The city did not hide this technicality. But officials admit the phrase was carefully sculpted to have maximum media impact. “Day Zero was necessary, but quite a sexy thing to work with,” says Priya Reddy, communications director for the City of Cape Town. “Not sexy in a good way, but easy… The images of people queuing for buckets of water all made for a very neat story.”

Many reporters were caught off-guard by de Lille’s announcement. “It was sort of a bolt from the blue,” remembers Rebecca Davis, a senior writer at South African news website Daily Maverick. “There was a sense that water coverage took over our agenda in our Cape Town newsroom completely… That was definitely driven by our own personal sense of concern about it, our panic.” Day Zero went from being a distant hypothetical to the centerpiece of blaring headlines. International media attention followed close behind.

As Resolve’s early involvement shows, Day Zero was always a malleable concept: more a reflection of government messaging than of hard science. When officials managing the disaster triumphantly “canceled” it in March, the timing looked suspiciously linked to a vicious power struggle within the city’s ruling elite. (The Democratic Alliance—which governs Cape Town and the surrounding region, but is an opposition party nationally—saw the crisis as a grave threat since it occurred on its watch, especially with elections coming up next year. In February, the party’s national leader, Mmusi Maimane, benched de Lille and took personal control of the Day Zero response—as well, implicitly, as the credit for averting it.) International media attention, meanwhile, had strangled the all-important local tourism sector. Either way, some experts cautioned that the cancellation of Day Zero was meaningless from an environmental standpoint.

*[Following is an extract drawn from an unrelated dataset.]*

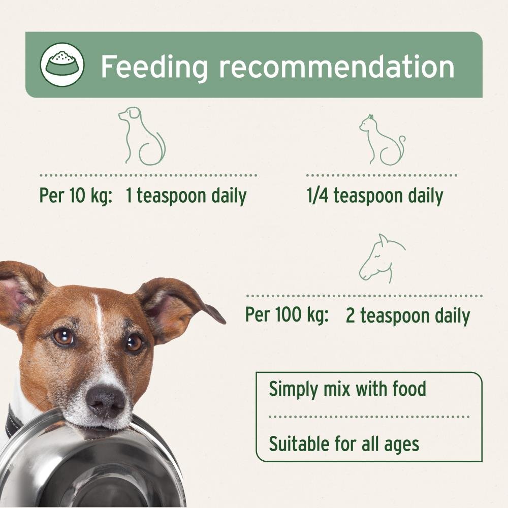 Dogs per 10 kg: 1 teaspoon daily | Cats: ¼ teaspoon daily | Horses & ponies per 100 kg: 2 teaspoons daily. Simply mix the oil into the feed (1 tsp equals approx. 2 ml). Fresh drinking water should always be available.
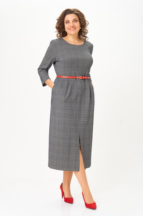 Платье женское полуприлегающего силуэта  с втачным рукавом. Перед платья с горизонтальным эластичным швом по талии. Верхняя часть с вытачками по линии груди, нижняя часть  со складками  в области талии и карманами что обеспечивает прекрасную посадку и подчеркивает фигуру. Рукав длиной 7/8.  Высокие разрезы по бокам и переду платья добавляют удобства. В комплекте съемный ремень.

Much of the international press nonetheless took this apparently positive story at face value, then quickly went looking for a fresh disaster to report. “What I thought was troublesome about the coverage is that media were reporting uncritically,” says Brett Walton, who wrote about the aftermath of Day Zero for US nonprofit water newsroom Circle of Blue. “Once that impending doom narrative gets taken away, when they say Day Zero is not going to happen, interest can wane.”

By and large, national and international media did not use Day Zero as an entry point to systemic scarcity issues in the country, or to newer, crippling drought conditions in other towns and cities a stone’s throw from Cape Town.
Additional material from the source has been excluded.